Add a new GUC logical_decoding_spill_limit (integer, unit kB,
default 0 meaning unlimited) that limits the total on-disk spill file
size per replication slot.  The implementation tracks the current
on-disk footprint in ReorderBuffer.spillBytesOnDisk (incremented
after each successful write in ReorderBufferSerializeChange,
decremented when spill files are removed in
ReorderBufferRestoreCleanup) and per-transaction in
ReorderBufferTXN.serialized_size.

Before serializing a transaction to disk, ReorderBufferCheckMemoryLimit
checks whether the projected write would exceed the configured limit.
If so, it raises an ERROR.  The replication slot state (restart_lsn,
confirmed_flush) is preserved, so the subscriber can reconnect after
the administrator increases the limit, raises logical_decoding_work_mem,
or switches to a streaming-capable output plugin.

The check is only on the spill-to-disk path (not the streaming path,
which involves no disk I/O) and only when the limit is set (> 0), so
there is zero overhead on the normal hot path and full backward
compatibility with existing configurations.

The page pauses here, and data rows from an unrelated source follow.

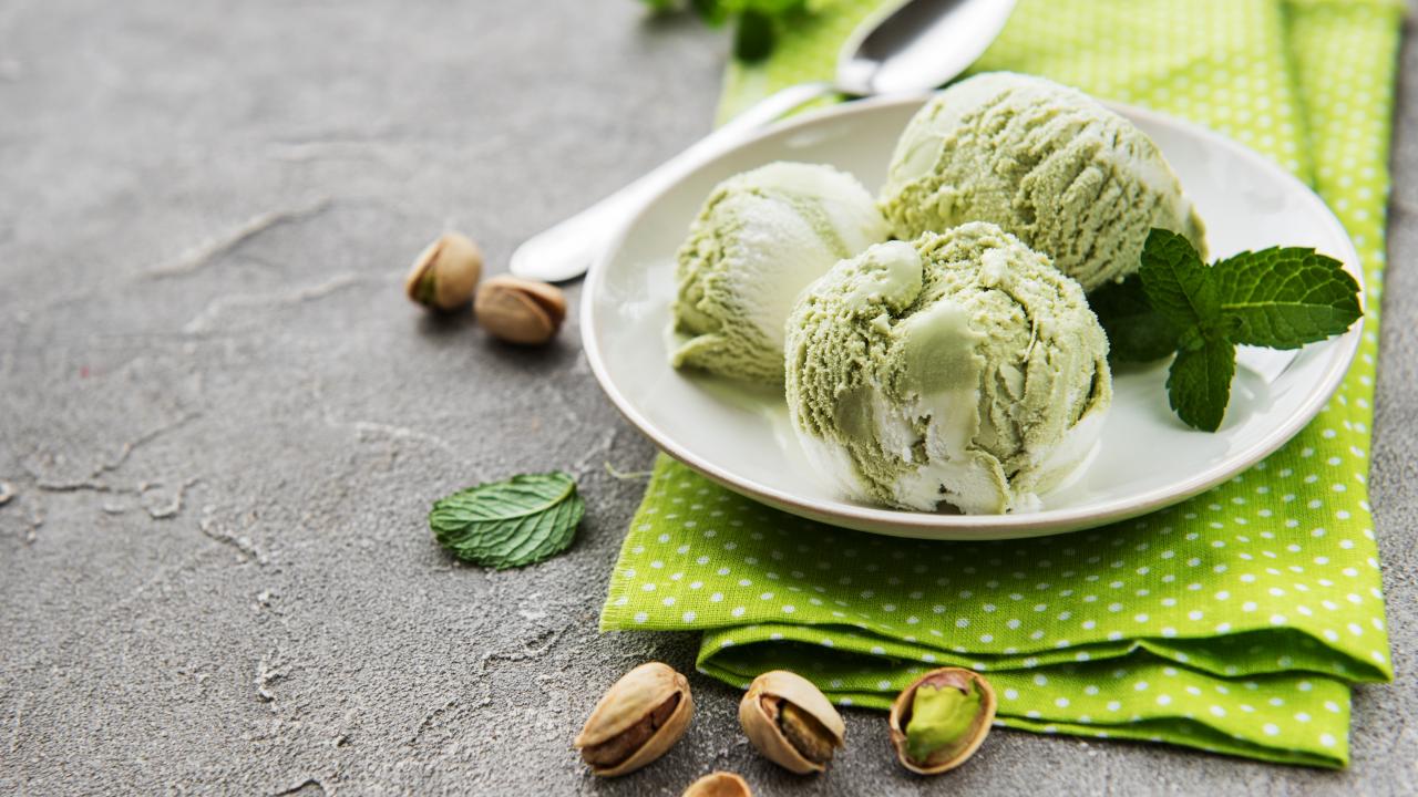 Wallpaper Pistachio ice cream balls on a plate with mint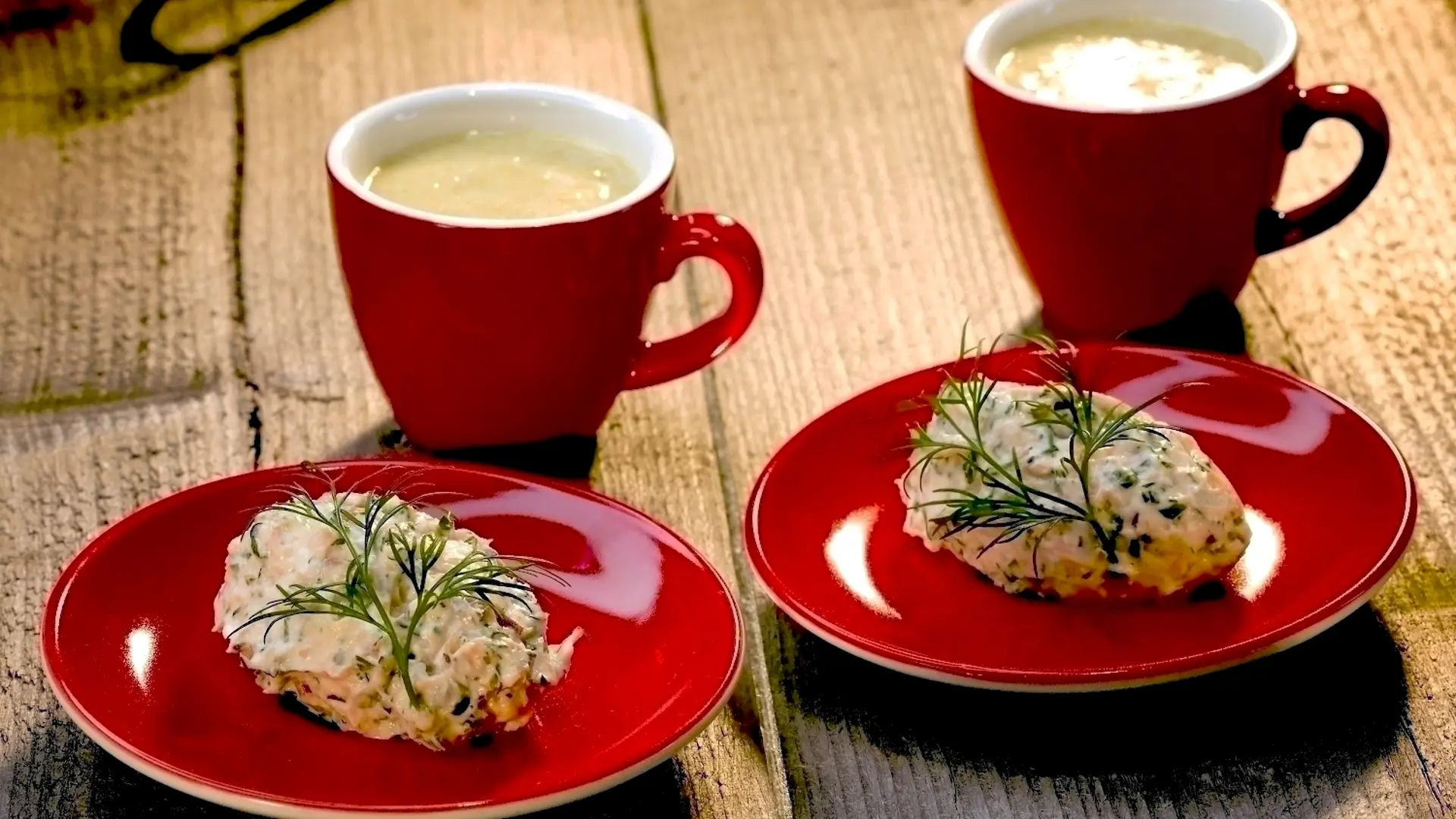 Luftig, cremet porresuppe med bold af varmrøget laks og krydderurter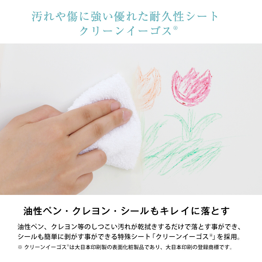 油性ペン、クレヨン等のしつこい汚れが乾拭きするだけで落とす事ができ、シールも簡単に剥がす事ができる特殊シート「クリーンイーゴス」を採用。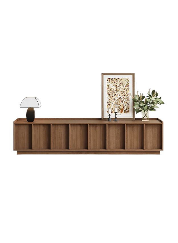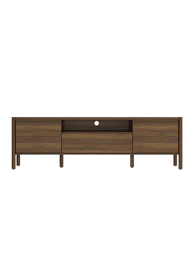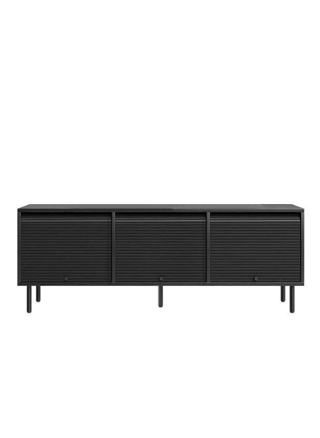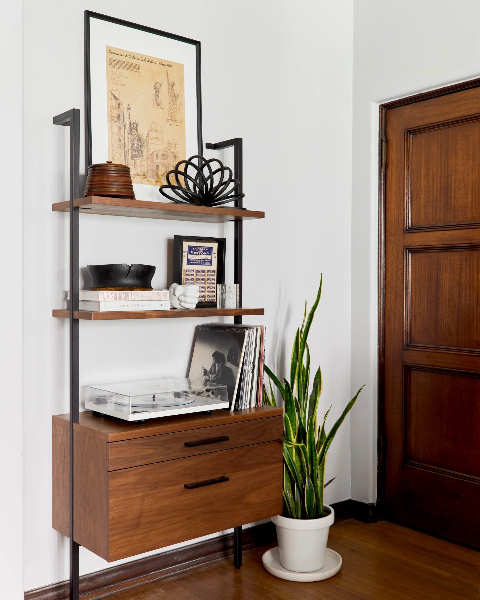 Getting a large piece like this for under $250 is pretty awesome. They all have that ever-important visual texture and lots of storage. The light wood one is great if you want a decent amount of open and closed storage, the black one is ideal if you don’t, and the walnut one is in between!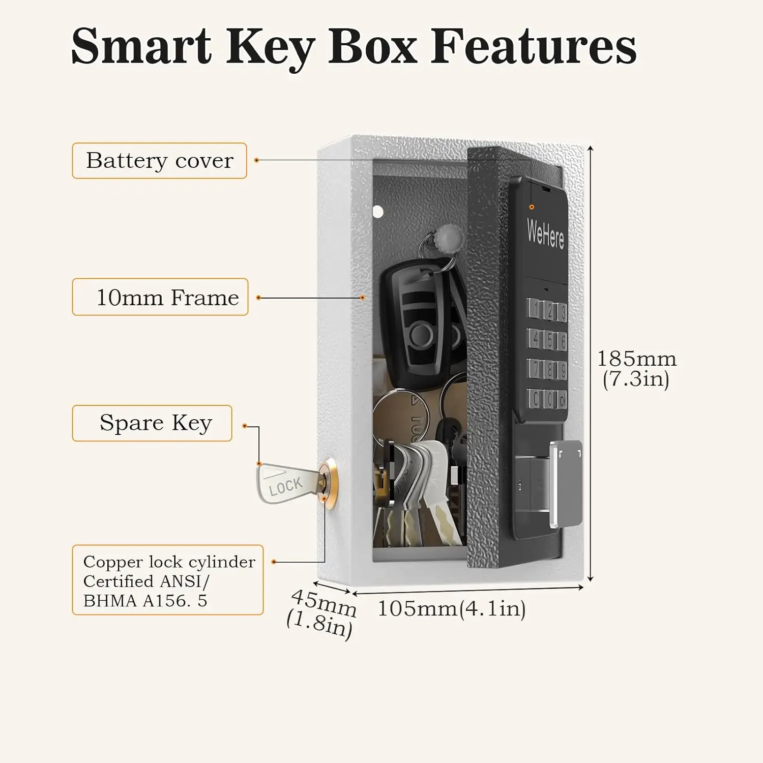 WeHere Key Safe Box Wall Mounted Bracket Is Suitable for House Keys OTP/APP/fixed Code Unlocking Outdoor Security Management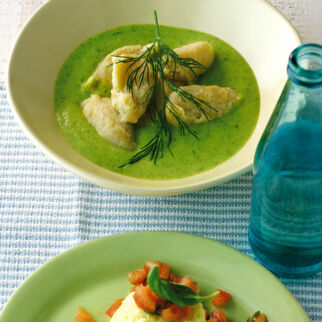 Das Eigelb mit Sahne und Milch verquirlen. In die Sauce rühren und erwärmen. Die Sauce mit Salz, Pfeffer und Curry abschmecken. Die Röllchen mit Kerbel bestreut servieren. Dazu schmeckt Kartoffelpüree.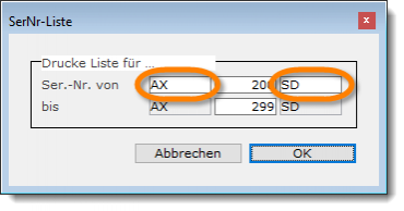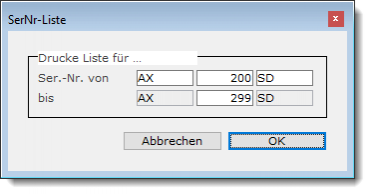 In diesem Dialog werden Ihnen zunächst die Vorbelegungen der Alphateile der Seriennummer, sofern diese vorbelegt wurden, angezeigt. Möchten Sie andere Alphateile als die vorbelegten angeben, so können Sie dies in den entsprechenden Feldern für die Angaben „Ser.-Nr. von“ erledigen.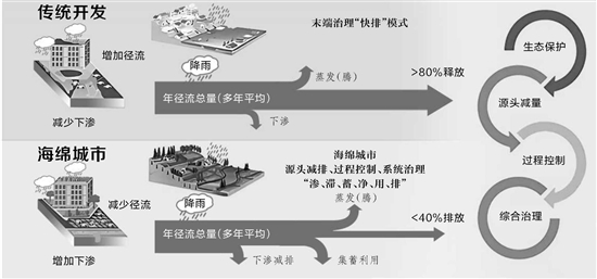 “海绵城市”与传统城市模式对比示意图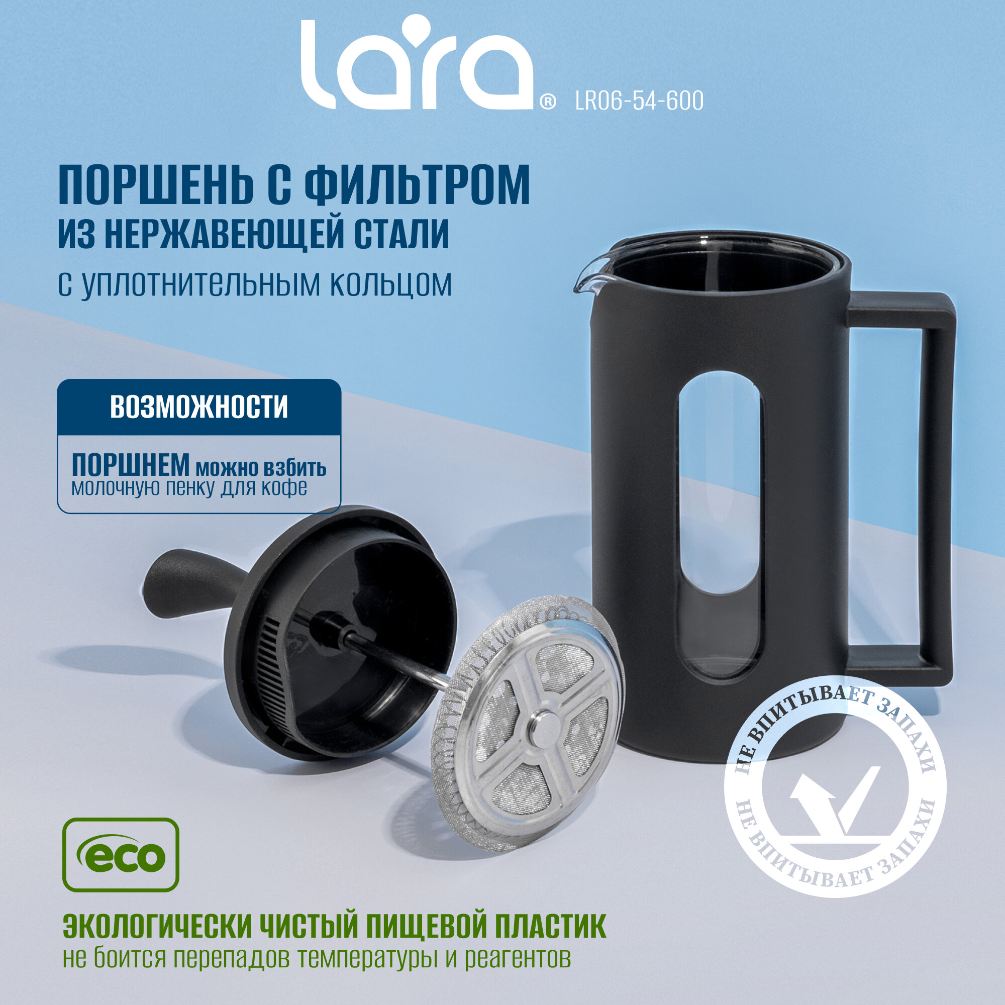 Френч пресс для чая LARA LR06-54-600/ 0,6л/ черный интересное:

Additionally, ensure spill files are cleaned up during error recovery.
Export ReorderBufferCleanupSerializedTXNs() and call it in
WalSndErrorCleanup() before releasing the replication slot, so that
spill files left behind by the ERROR are properly removed.  Without
this, the error path would release the slot (setting MyReplicationSlot
to NULL) before any chance to clean up, leaving orphaned spill files
on disk until the next walsender connects to the same slot or the
server restarts.
---
 doc/src/sgml/config.sgml                      | 24 ++++++++
 .../replication/logical/reorderbuffer.c       | 60 ++++++++++++++++++-
 src/backend/replication/walsender.c           | 12 ++++
 src/backend/utils/misc/guc_parameters.dat     | 10 ++++
 src/backend/utils/misc/postgresql.conf.sample |  2 +
 src/include/replication/reorderbuffer.h       | 18 ++++++
 6 files changed, 124 insertions(+), 2 deletions(-)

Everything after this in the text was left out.